In general, expectant management is the least expensive (since you are not paying for medicine or a procedure), and surgical management under general anesthesia is the most expensive. However, surgical management under local anesthesia can be less expensive than medical management in some cases. In situations where surgical management and medical management cost a similar amount for the first round of treatment, surgical management may be more affordable. This is because surgical management is more likely to succeed on the first round of treatment than medical management, and because fewer follow-ups are required.
While you do not have to pay for natural management, for some, it could be a bigger financial burden in the long run. It can take time for a miscarriage to happen naturally. During this time, many experience contraction-like cramps, bleeding, and uncertainty as to when they might pass their baby and pregnancy tissue. This can make it very difficult, or even impossible, to work. While nobody should have to worry about going to work while experiencing a miscarriage, the unfortunate truth is that missing a couple of days of pay is not feasible for many Americans. In California, most employees are guaranteed a minimum of five days' leave for miscarriage under the Fair Employment and Housing Act. However, whether leave is paid or not depends on the employer's policy. Furthermore, many states do not require employers to give any time off for miscarriage.
Location
Many are limited by the availability of certain treatments at their local healthcare facilities. In the United States, people living in states with anti-abortion policies often struggle to get access to medical or surgical management. For example, state-level restrictions on the drug mifepristone, which is used in both abortion and miscarriage treatment, are making medical management less effective and accessible.

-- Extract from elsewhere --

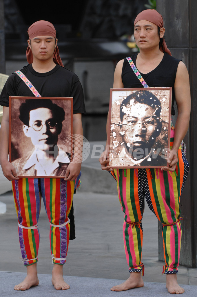 【台北/台湾 28日 AFP】1947年2月28日、台北(Taipei)市から台湾全土へ広がった中国国民党(当時)に対する抵抗運動と、これを鎮圧しようとした国民党軍による武力弾圧「二.二八事件」の発生から60周年を迎えた。この事件により、数万人が殺害されたといわれ、事件当時に布告された戒厳令は1987年まで解除されなかった。独立を志向する現台湾政府は、大虐殺の責任追及を求めている。写真は台北市の公園で28日、二.二八事件発生60周年を記念し、弾圧の犠牲となった台湾人の写真を掲げる人びと。(c)AFP/Sam YEH

For help summarizing your options and making a decision, the charity Tommy's has a Management of Missed Miscarriage leaflet, which is available in English, Polish, Urdu, Romanian, Punjabi, Ukrainian, and Portuguese. Also included on the leaflet are the phone number and email for their free service that lets you speak to a midwife. Tommy's is a UK-based organization and may not be able to provide answers specific to the American healthcare system (or any other country's healthcare system) and state laws.
For more information, you can also read the leaflet Management of Miscarriage: Your Options, which goes more in-depth on the benefits and risks of each treatment type. This leaflet is from the Miscarriage Association, and like Tommy's, it is also a UK-based organization.

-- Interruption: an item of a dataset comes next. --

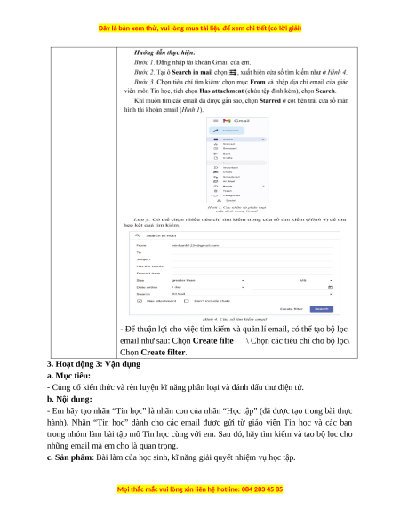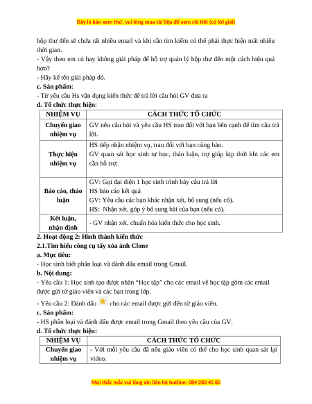 - Học sinh biết phân loại và đánh dấu email trong Gmail. b. Nội dung:

Pregnancy loss in the second and third trimesters is much rarer and can be incredibly shocking. Although treatment within the first few weeks of the second trimester can look a lot like Early Pregnancy loss treatment, treating pregnancy loss in later stages of gestation usually requires a D&C (a different type of surgical management) or delivery of the baby in a hospital setting. Loss in the second and third trimester can be more risky and complicated, so your course of action will most likely be informed by your doctor.
Tommy's has a page on their website that walks you through what might happen during a late miscarriage and another page for what might happen during a stillbirth. It is important to note that while in the US pregnancy loss is considered a stillbirth after the 20th week, in the UK (where Tommy's is based) pregnancy loss is only legally considered a stillbirth after the 24th week.
UC Davis Health also has a page that gives information about the treatment of a second-trimester loss. Readers should know that this site focuses more on the technical/medical side of treatment, so the language used is different from that on Tommy's website and this website. While some might prefer this over the language used on Tommy's, others might find it distressing.